Donc tout dépend du contexte. A mon avis, vous pouvez utilisez forensique si vous vous adressez à des gens
avertis; le terme judiciaire si vous voulez insister sur l’aspect judiciaire de l’affaire mais là il vaut mieux
préciser la nature de l’acte anthropologique. Médico-légal passera partout.
N’oublions pas non plus le phénomène de mode qui n’épargne pas le domaine scientifique, mais là je ne suis
pas au courant des dernières tendances.
RÉPONSE DE M. GUY GAUTHIER, PROFESSEUR D’ANTHROPOLOGIE
AU CEGEP MARIE-VICTORIN, MONTRÉAL
Au Canada anglais, on parle « Forensic anthropology ». Au Canada français, on utilise la traduction du terme
précédent : « Anthropologie judiciaire »
Aux États-Unis, on parle de « forensic anthropology »
En Suisse, on utilise un anglicisme « Anthropologie forensique »
En Belgique et en France, on parle « d’Anthropologie médico-légale »
En France, on parle également d’archéologie funéraire avec un aspect légal.
En Angleterre et dans certains États aux États-Unis, on parle également de « forensic osteology »
En France, les anthropologues médico-légaux ont, à la base, une formation académique en médecine.
Pour devenir anthropologue « judiciaire » en France, on doit s’inscrire dans une faculté de médecine
d’où le nom de « anthropologie médico-légale »
En Belgique, il existe un système similaire.
Souvent en France et en Belgique, les médecins légistes sont également des anthropologues médico-légaux.

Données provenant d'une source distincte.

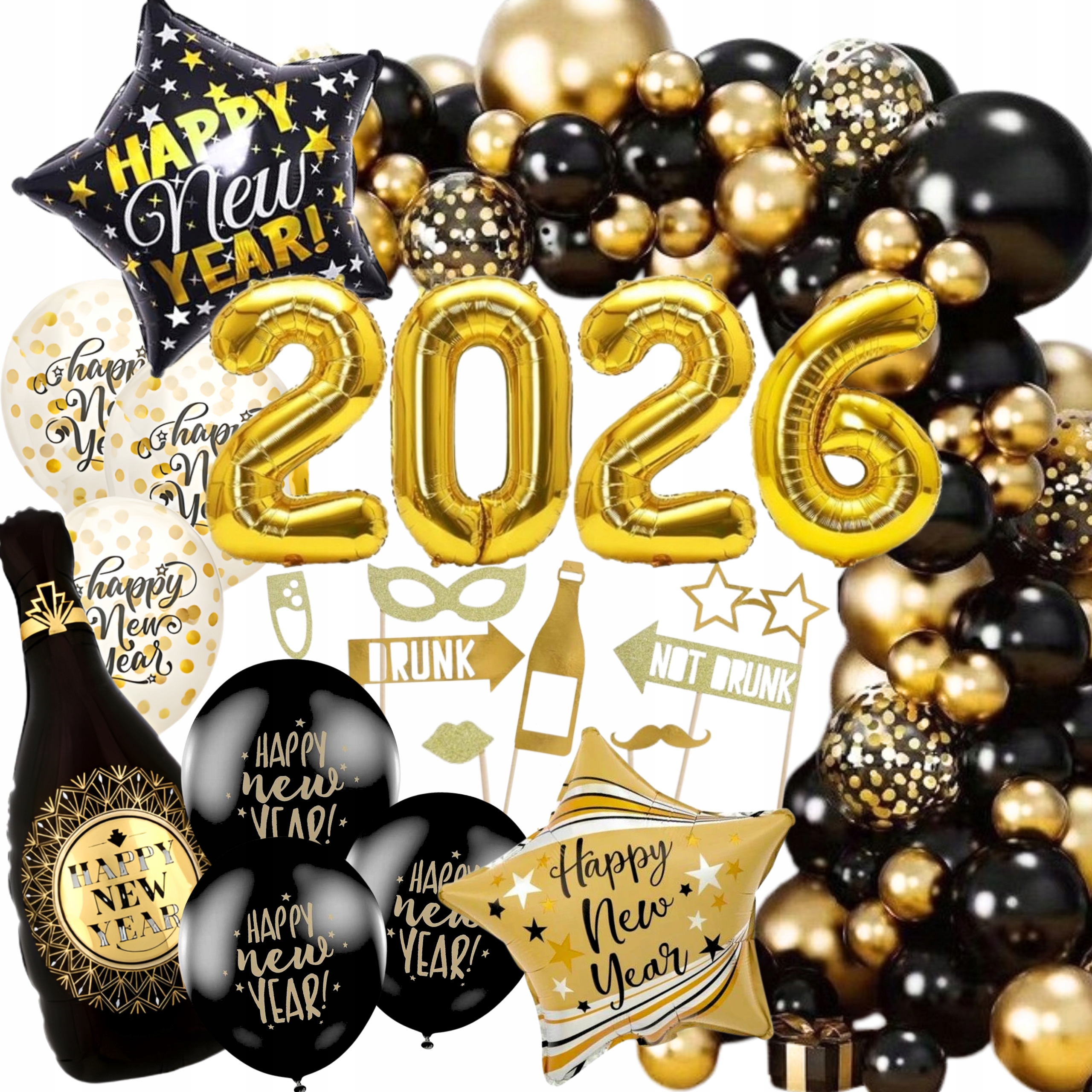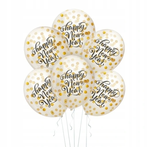 • Универсальные цвета: Черные, золотые и прозрачные воздушные шары с конфетти создают элегантную новогоднюю атмосферу.

Au Canada et aux États-Unis, on doit s’inscrire principalement dans un département d’anthropologie.
Il n’y a pas vraiment de différences fondamentales entre les termes précités.
Anthropologie judiciaire, anthropologie médico-légale, anthropologie légiste; anthropologie forensique,
forensic anthropology, archéologie funéraire avec l’aspect légal et ostéologie judiciaire et ou ostéologie
médico-légale sont tous des synonymes.